Bargain Hunt
- Bargain Hunt's logo
- Formerly: Essex Wholesale
- Company type: Private
- Industry: Retail
- Founded: 2004; 22 years ago; La Vergne, Tennessee U.S.;
- Founder: Robert Echols, Phil Pfeffer
- Defunct: March 2025; 1 year ago
- Fate: Chapter 11 Bankruptcy And Liquidation By Parent Company sold to Ollie's Bargain Outlet.
- Headquarters: La Vergne, Tennessee, U.S.
- Number of locations: 95 stores
- Area served: United States
- Key people: Phil Pfeffer (Chairman); Robert Echols (CEO);
- Products: Electronics; movies and music; home and furniture; home improvement; clothing; footwear; jewelry; toys; health and beauty; pet supplies; sporting goods and fitness; auto;
- Owner: Essex Technology Group
- Number of employees: 1,001–5,000 (2021);
- Website: www.bargainhunt.com

= Bargain Hunt (retail store) =

American discount store chain

Bargain Hunt, formerly Essex Bargain Hunt, was an American discount store chain.
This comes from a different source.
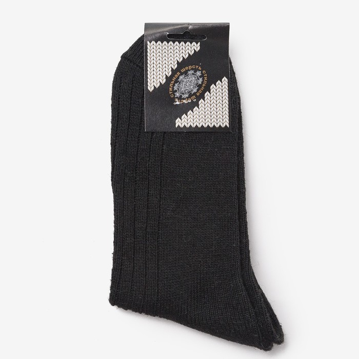 Носки мужские шерстяные цвет чёрный рубчик, размер 27
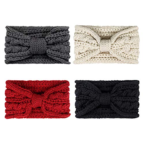 DRESHOW 4 Pièces Bandeau Cheveux pour Femme Bandeaux Hiver Serre-Tête Tricoté Oreille Réchauffeur Chaud Noué Bande Elastique Cheveux

Founded in 2004, Bargain Hunt is headquartered in La Vergne, Tennessee with retail locations in Tennessee, Ohio, Indiana, Kentucky, North Carolina, South Carolina, Georgia, Alabama, Mississippi and Arkansas.

==History==

Essex Technology Group — Bargain Hunt's parent company was founded in the year 2000 in Nashville by Robert Echols and Phil Pfeffer. They started the company as a wholesaler of closeout goods. The company bought overstock and excess inventory goods from big box retailers and sold them. Initially, the focus was on electronics and computers.
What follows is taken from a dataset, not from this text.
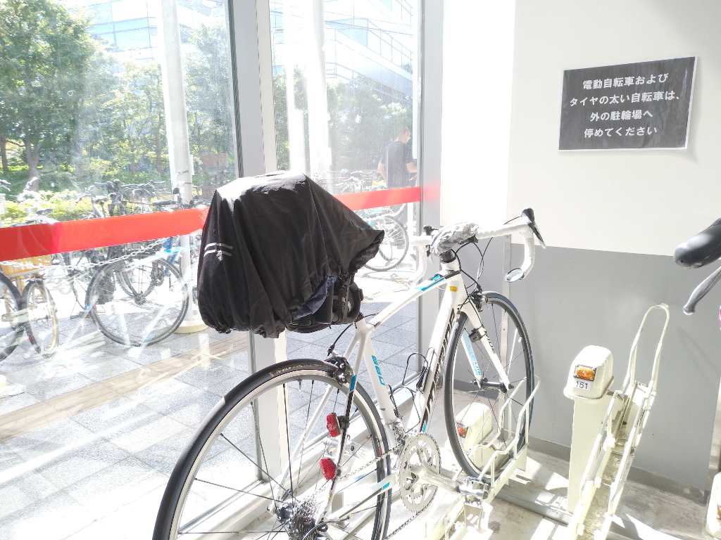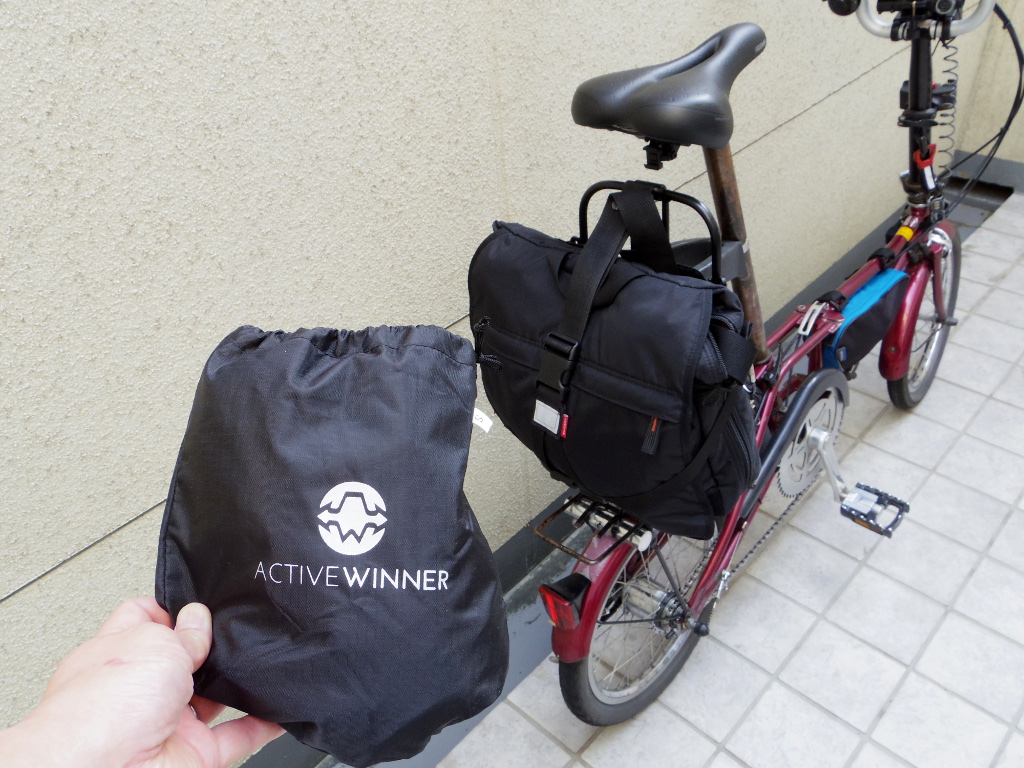 このままだと、何となく不用心であるため、長時間駐輪する場合は、コンビニのビニール袋などをこのヘルメットとサドル、ヴァリオラックに被せておいたりしているのですが、今回、この「Active Winner バックパック レインカバー」をヴァリオラック、サドル、ヘルメット一式のカバーに使うことにしました。

The first store was opened in 2004 in Nashville and was known as Essex Bargain Hunt. The company also began an online store selling directly to retail customers from its original Nashville location. The strategy was to sell items that were too big or expensive to sell online.
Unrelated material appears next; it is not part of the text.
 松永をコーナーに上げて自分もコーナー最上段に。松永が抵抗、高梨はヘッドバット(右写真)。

After a successful run, Essex launched the Bargain Hunt superstores using locations abandoned by stores such as OfficeMax and Staples and Circuit City. The name was later changed to Bargain Hunt.

In 2020, the company won one of the Alliance Awards 2020.

On January 31, 2025, Bargain Hunt's parent company, Essex Technology Group, warned that they were preparing to file for Chapter 11 bankruptcy as soon as the following week. On February 1, 2025, after it was reported that the company shut its only distribution center, Bargain Hunt announced that they would be closing all 91 stores, with liquidation sales beginning shortly after. Bargain Hunt filed for Chapter 11 bankruptcy on February 3, 2025, listing assets between $50 million to $100 million and liabilities between $100 million to $500 million. Up to 300+ employees lost their jobs after Bargain Hunt closed.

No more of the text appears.